Include random data at the start of a row key (randomly assigned prefix) to cause it to sort differently than it otherwise would. Salting prefixes can correspond to the number of regions we want to spread the data.
Use of Hashed Row Key
This approach is suitable when an application reads a query record at a time, and records will spread between multiple Regions/Region servers according to the hash function. Using a deterministic hash allows the client to reconstruct the complete row key and use a Get operation to retrieve that row as usual.
Reverse the row key
Reverse a fixed-width or numeric row key so that the part that changes the most often (the least significant digit) is first. This effectively randomizes row keys but sacrifices row-ordering properties.
Bucketing approach
row_key = (++index % BUCKETS_NUMBER) + "_" + original_key
Where
- index — The numeric (or any sequential) part of the specific record.
- BUCKETS_NUMBER — the number of "buckets" we want our new row keys to be spread across.

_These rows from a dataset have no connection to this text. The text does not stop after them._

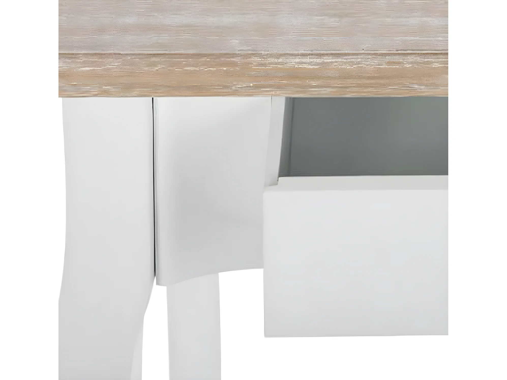 Console en bois avec 2 tiroirs, coloris blanc/chêne - Dim : L.87 x l.34 x H.78 cm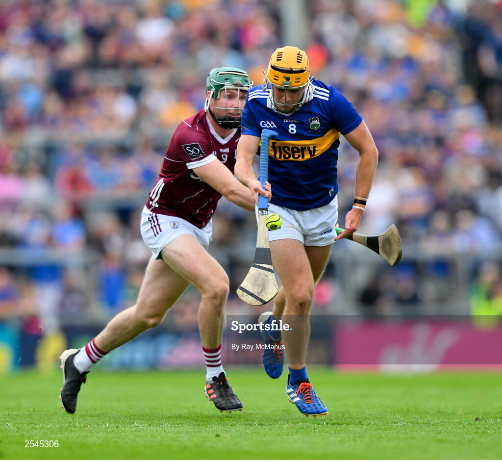 24 June 2023; Conor Stakelum of Tipperary is tackled by Cathal Mannion of Galway during the GAA Hurling All-Ireland Senior Championship Quarter Final match between Galway and Tipperary at TUS Gaelic Grounds in Limerick. Photo by Ray McManus/Sportsfile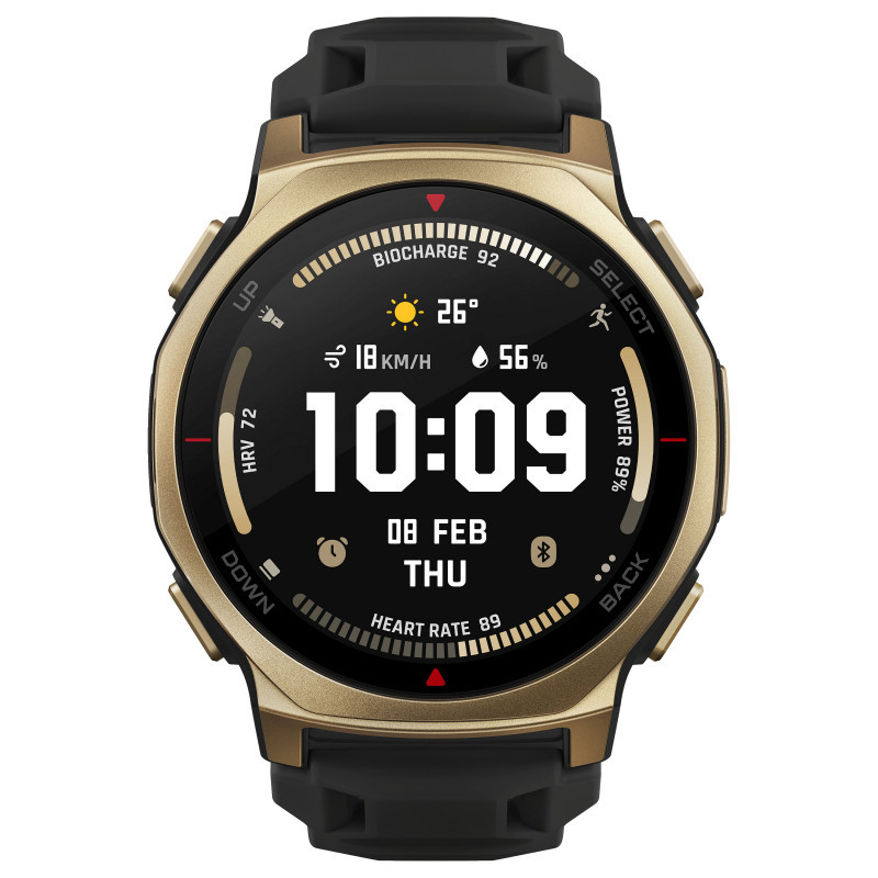 "Amazfit T-rex 3 Pro. Display diagonal: 3.35 cm (1.32""), Display technology: AMOLED, Display resolution: 466 x 466 pixels, Touchscreen. RAM capacity: 64 MB, Flash memory: 16 GB. Wi-Fi. GPS (satellite). Battery capacity: 640 mAh. Weight: 46.8 g. Waterproof up to: 45 m, Band material: Silicone, Band colour: Black"\n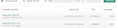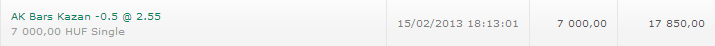 2 500,00 HUF Single 09/02/2013 21:52:10 2 500,00 0,00Sevilla @ 8.00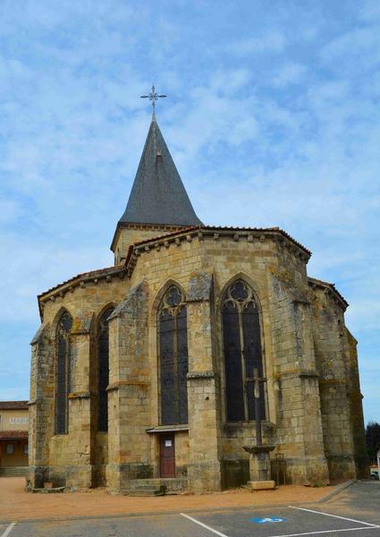 Edifice du 14e siècle composé d'une nef de quatre travées et d'un choeur polygonal. A la troisième travée correspondent deux chapelles symétriques rectangulaires formant transept. A la quatrième travée, précédant le sanctuaire, correspond un second transept, mais les chapelles ainsi formées, également symétriques, sont polygonales. A l'extérieur, une tourelle accolée au transept carré nord donne accès au comble. Le clocher, bâti sur la première travée, est moderne, ainsi que la sacristie. Un vitrail du 14e siècle orne la première fenêtre nord de la nef. En bas de l'escalier, porte en bois du 14e siècle également, à arcatures.

- original_key — The original key of the record we want to write.
New row keys of bucketed records will no longer be in one sequence, but records in each bucket will preserve their original sequence. Since data is placed in multiple buckets during writes, we have to read from all of those buckets when doing scans based on "original" start and stop keys and merge data so that it preserves the "sorted" attribute. Scan per bucket can be parallelized so the performance won't be degraded.
In conclusion, hot-spotting in HBase Region Server can be a significant issue when working with large amounts of data. This can result in slow write performance and limit the HBase cluster's capacity to a single server. Several solutions can be applied to avoid hot-spotting, such as adding salt to the Row Key, using Hashed Row Key, reversing the Row Key, and using the Bucketing approach. Each solution has its advantages and disadvantages, but they all aim to spread the data evenly across multiple Region Servers and improve the performance of the HBase cluster. The right solution based on the application's requirements can effectively mitigate hot-spotting in HBase Region Server.